So what is the setup?  We have a single physical interface to the MSAN from the PE carrying multiple services.  Each tagged service comes in to a distinct VPLS on the PE.  As this is the last point from the MPLS network to the end user it’s a good place to prove a problem off the core network and in to the access layer.

Our goal here is to configure an ‘interception point’ in to the layer 2 network so we may pin point the fault location further.

If we reuse the configuration from the aggregation example we would simply need to apply the  allow-ip-int-binding/service-name commands to the VPLS, create the random VPRN 4321 and set the service name under the VPRN interface, exactly as we did above. Basically this is allowing us to put an intermediate layer 3 pointer in to a layer 2 only service.  Once we have completed the configuration steps we can ping the home user.  Of course this could be filtered by the end user, the MSAN may have security measures but you get the point, the same logic applies to all media.

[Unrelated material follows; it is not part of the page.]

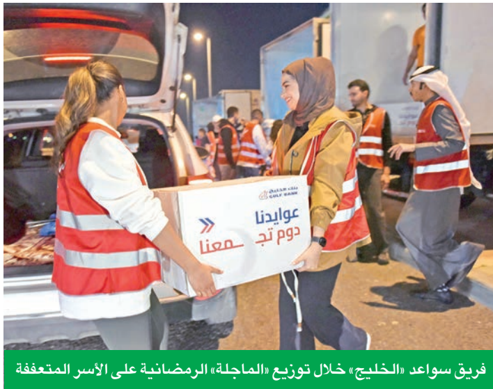
فريق سواعد «الخليج» خلال توزيع «المأجلة» الرمضانية على الأسر المتعففة

A:PE# ping router 4321 10.10.10.143
PING 10.10.10.143 56 data bytes
64 bytes from 10.10.10.143: icmp_seq=1 ttl=64 time=0.150ms.
64 bytes from 10.10.10.143: icmp_seq=2 ttl=64 time=0.125ms.
^C
ping aborted by user
---- 10.10.10.143 PING Statistics ----
2 packets transmitted, 2 packets received, 0.00% packet loss
round-trip min = 0.125ms, avg = 0.137ms, max = 0.150ms, stddev = 0.015ms


So you see we can use this to jump in the middle of PPP sessions to test the connection to the customer or upstream if the BRAS is off the MPLS network domain.  Added to that if we have a native ethernet network of 7750s, with no MPLS, then we can use this technique to pin point the problem area in the switched network.  I have no idea why you wouldn’t have MPLS if you splashed out on IMMs for your 7750s though! 😀

As a final example before I have some ice cream what if we sell a managed CE service but the core network is using a VPLS.  We could use CFM, Y.1731 to measure connectivity.  Maybe our end point CE doesn’t support these protocols but it does support IP SLA.  We could set an rVPLS interface on each PE and run a local IP SLA echo to measure connectivity in the event of an attachment circuit failure.

I have not tried it before but I think I might.  Maybe you know or want to try it for the craic yourself, race ye!